- [EXERCISE DETAILS]: As soon as the line containing "在现场观众的共同见证下,《陶" appears in the material below, start returning lines exactly, and end with the line containing "企业负责人带领运管学院领导老".

- [PROVIDED ENTRIES]:
★ ★ ★ ★ ★

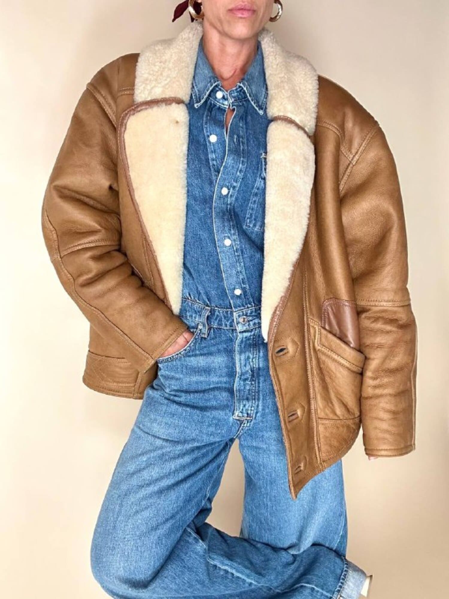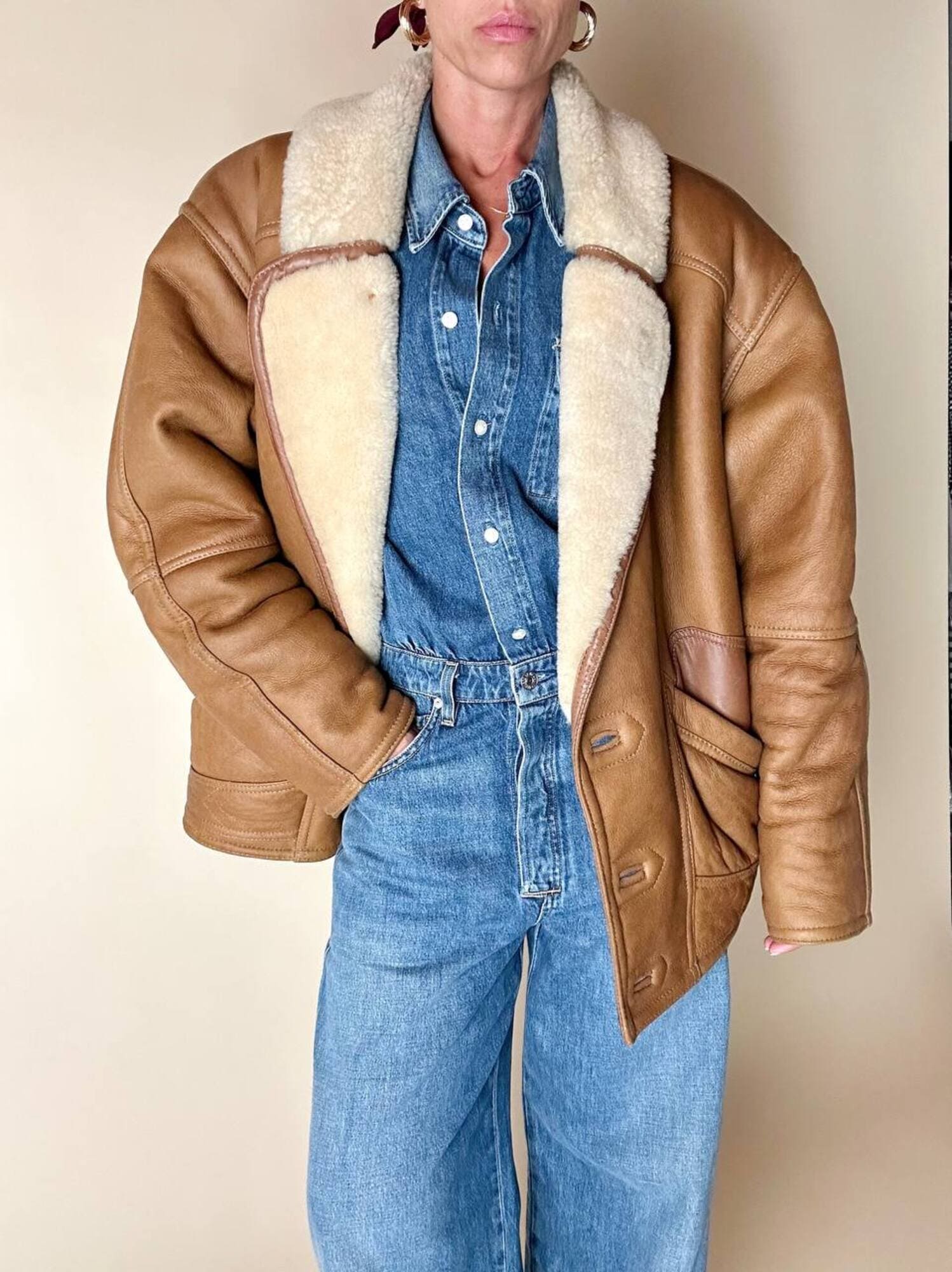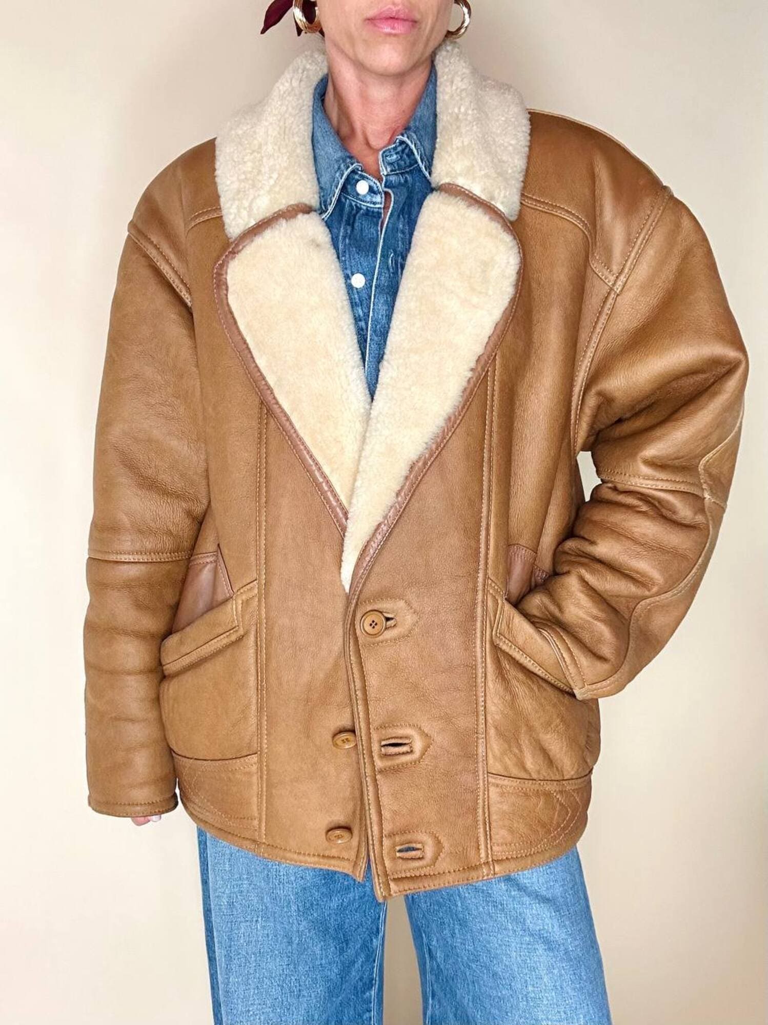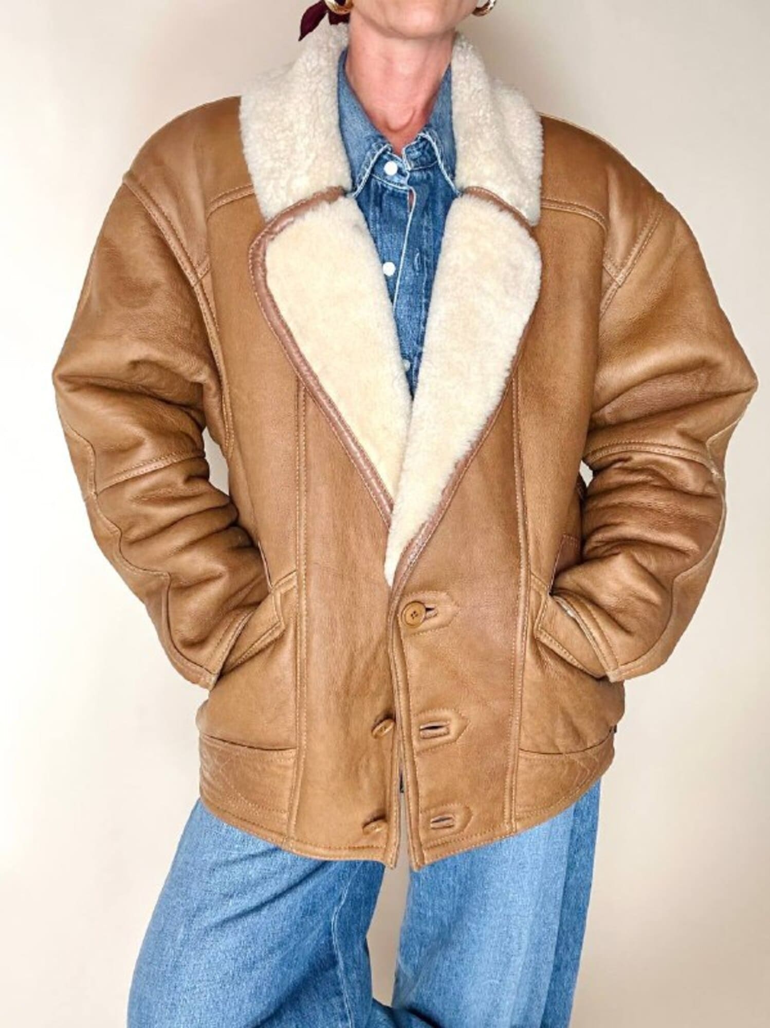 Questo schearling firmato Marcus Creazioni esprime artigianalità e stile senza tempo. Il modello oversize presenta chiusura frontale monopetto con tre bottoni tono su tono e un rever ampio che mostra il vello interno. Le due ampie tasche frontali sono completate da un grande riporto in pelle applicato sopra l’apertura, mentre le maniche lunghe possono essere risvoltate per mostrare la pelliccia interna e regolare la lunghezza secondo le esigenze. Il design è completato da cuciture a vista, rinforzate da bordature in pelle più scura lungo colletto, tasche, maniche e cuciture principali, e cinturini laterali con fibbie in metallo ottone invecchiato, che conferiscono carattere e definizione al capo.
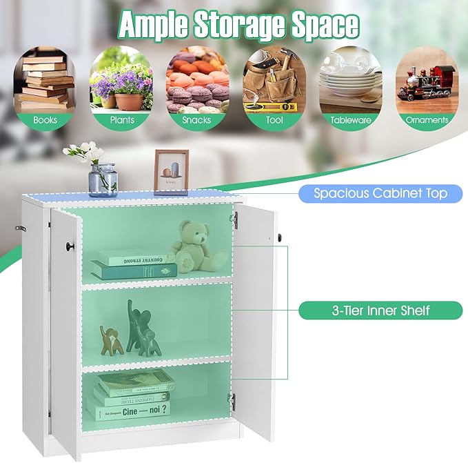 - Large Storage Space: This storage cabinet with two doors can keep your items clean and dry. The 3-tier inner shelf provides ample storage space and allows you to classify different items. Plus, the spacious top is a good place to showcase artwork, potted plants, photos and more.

★ ★ ★ ★ ★

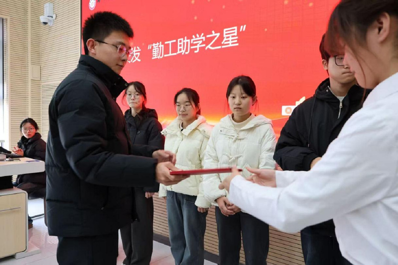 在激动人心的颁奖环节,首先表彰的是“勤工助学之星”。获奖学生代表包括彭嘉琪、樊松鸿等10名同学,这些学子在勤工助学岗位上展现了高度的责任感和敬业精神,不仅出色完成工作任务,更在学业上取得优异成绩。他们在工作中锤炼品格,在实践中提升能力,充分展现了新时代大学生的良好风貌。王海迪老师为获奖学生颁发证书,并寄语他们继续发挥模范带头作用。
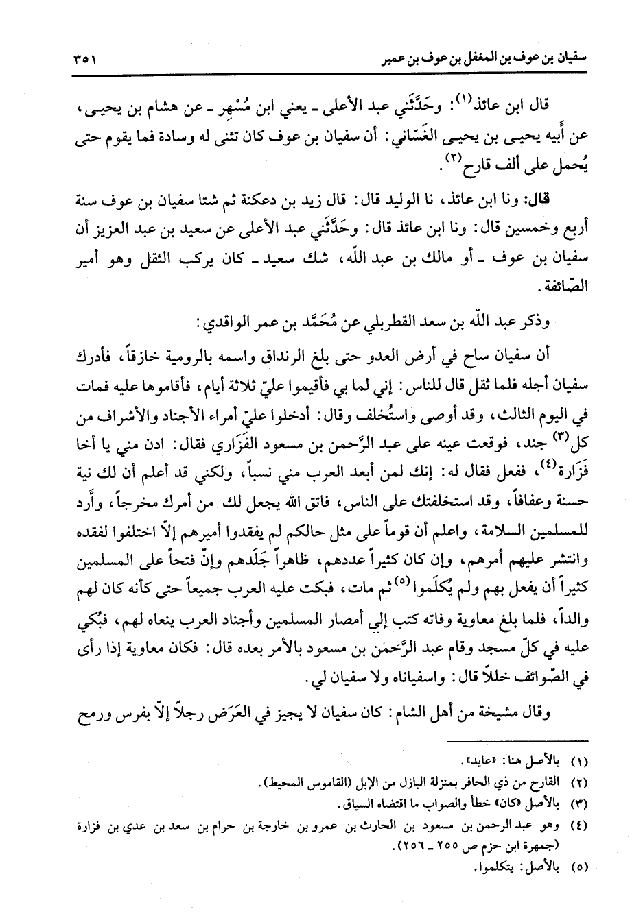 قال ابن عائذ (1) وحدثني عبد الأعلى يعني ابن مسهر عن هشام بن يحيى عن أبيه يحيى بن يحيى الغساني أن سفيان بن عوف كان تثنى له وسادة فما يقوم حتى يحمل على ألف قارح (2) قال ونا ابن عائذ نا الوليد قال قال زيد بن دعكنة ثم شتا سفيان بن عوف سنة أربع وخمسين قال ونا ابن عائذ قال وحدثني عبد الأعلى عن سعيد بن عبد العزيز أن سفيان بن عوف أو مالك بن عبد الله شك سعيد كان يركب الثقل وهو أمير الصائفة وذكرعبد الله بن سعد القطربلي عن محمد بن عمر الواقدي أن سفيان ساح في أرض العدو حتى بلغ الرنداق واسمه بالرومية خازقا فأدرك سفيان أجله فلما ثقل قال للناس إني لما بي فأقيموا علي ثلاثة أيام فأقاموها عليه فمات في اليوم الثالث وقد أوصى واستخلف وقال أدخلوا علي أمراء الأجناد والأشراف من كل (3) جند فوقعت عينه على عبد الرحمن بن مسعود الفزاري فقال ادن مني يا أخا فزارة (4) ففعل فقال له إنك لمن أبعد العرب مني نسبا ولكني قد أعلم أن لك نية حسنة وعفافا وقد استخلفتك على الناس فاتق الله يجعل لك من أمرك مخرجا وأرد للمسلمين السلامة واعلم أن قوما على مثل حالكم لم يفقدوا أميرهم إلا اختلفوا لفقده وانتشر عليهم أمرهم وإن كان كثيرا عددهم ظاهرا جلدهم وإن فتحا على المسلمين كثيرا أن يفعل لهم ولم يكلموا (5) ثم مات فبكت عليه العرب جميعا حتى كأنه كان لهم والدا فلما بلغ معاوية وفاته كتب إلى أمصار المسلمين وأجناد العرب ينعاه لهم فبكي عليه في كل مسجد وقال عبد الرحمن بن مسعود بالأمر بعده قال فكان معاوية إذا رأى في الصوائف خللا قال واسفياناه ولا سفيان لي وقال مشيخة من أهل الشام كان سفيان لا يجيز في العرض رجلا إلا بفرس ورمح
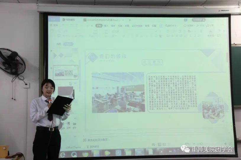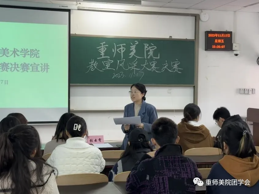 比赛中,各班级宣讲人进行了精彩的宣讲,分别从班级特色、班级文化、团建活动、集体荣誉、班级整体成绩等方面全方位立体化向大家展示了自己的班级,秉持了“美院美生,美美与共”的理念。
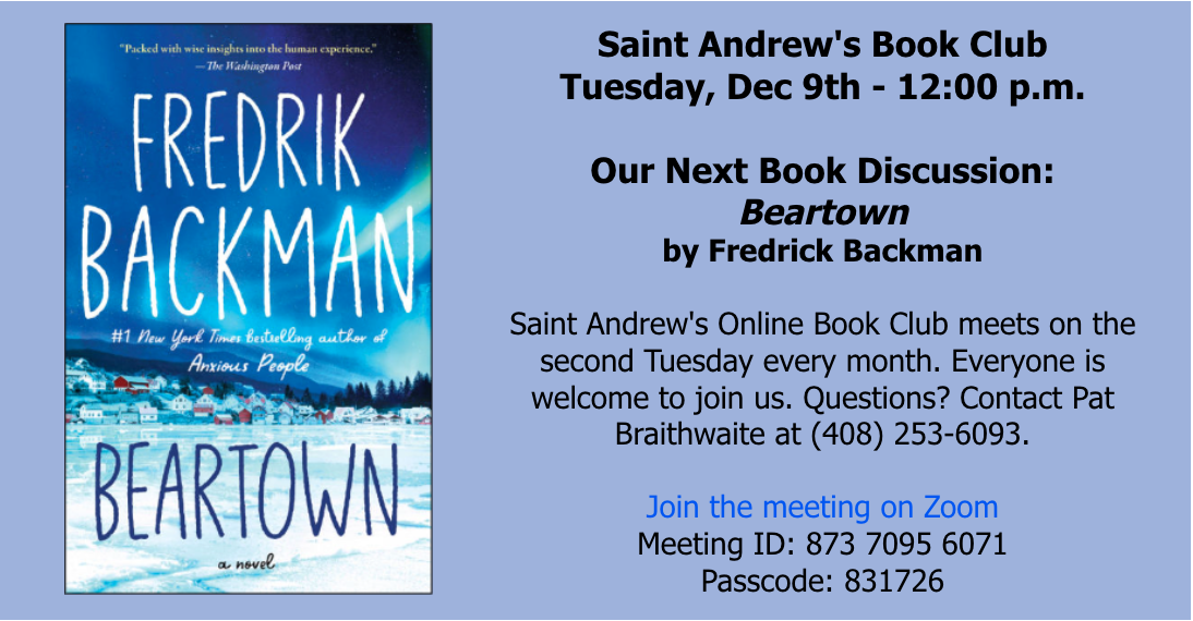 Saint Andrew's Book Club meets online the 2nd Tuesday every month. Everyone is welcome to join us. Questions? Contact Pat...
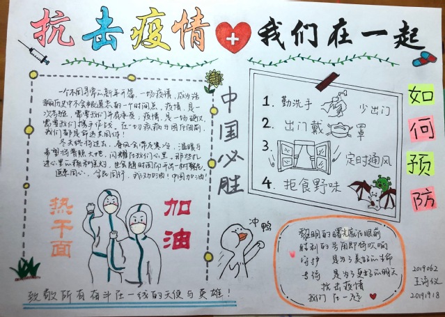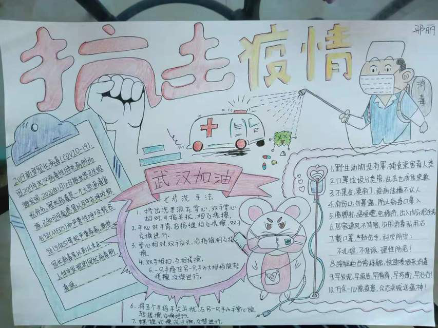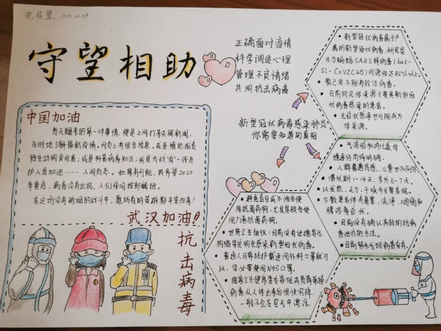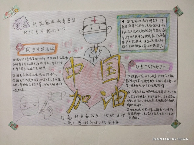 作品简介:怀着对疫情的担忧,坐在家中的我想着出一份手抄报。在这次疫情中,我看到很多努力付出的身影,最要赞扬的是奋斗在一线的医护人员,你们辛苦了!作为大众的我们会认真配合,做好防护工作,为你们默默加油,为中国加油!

★ ★ ★ ★ ★

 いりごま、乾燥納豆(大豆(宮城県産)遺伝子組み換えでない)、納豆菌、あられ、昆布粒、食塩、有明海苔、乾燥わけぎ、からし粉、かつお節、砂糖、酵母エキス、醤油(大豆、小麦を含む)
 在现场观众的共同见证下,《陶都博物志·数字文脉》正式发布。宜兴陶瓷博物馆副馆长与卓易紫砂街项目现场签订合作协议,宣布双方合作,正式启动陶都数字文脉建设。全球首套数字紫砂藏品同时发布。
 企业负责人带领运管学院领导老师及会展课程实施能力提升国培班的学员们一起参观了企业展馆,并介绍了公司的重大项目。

★ ★ ★ ★ ★

- [RESULT OF THIS TASK]:
 在现场观众的共同见证下,《陶都博物志·数字文脉》正式发布。宜兴陶瓷博物馆副馆长与卓易紫砂街项目现场签订合作协议,宣布双方合作,正式启动陶都数字文脉建设。全球首套数字紫砂藏品同时发布。
 企业负责人带领运管学院领导老师及会展课程实施能力提升国培班的学员们一起参观了企业展馆,并介绍了公司的重大项目。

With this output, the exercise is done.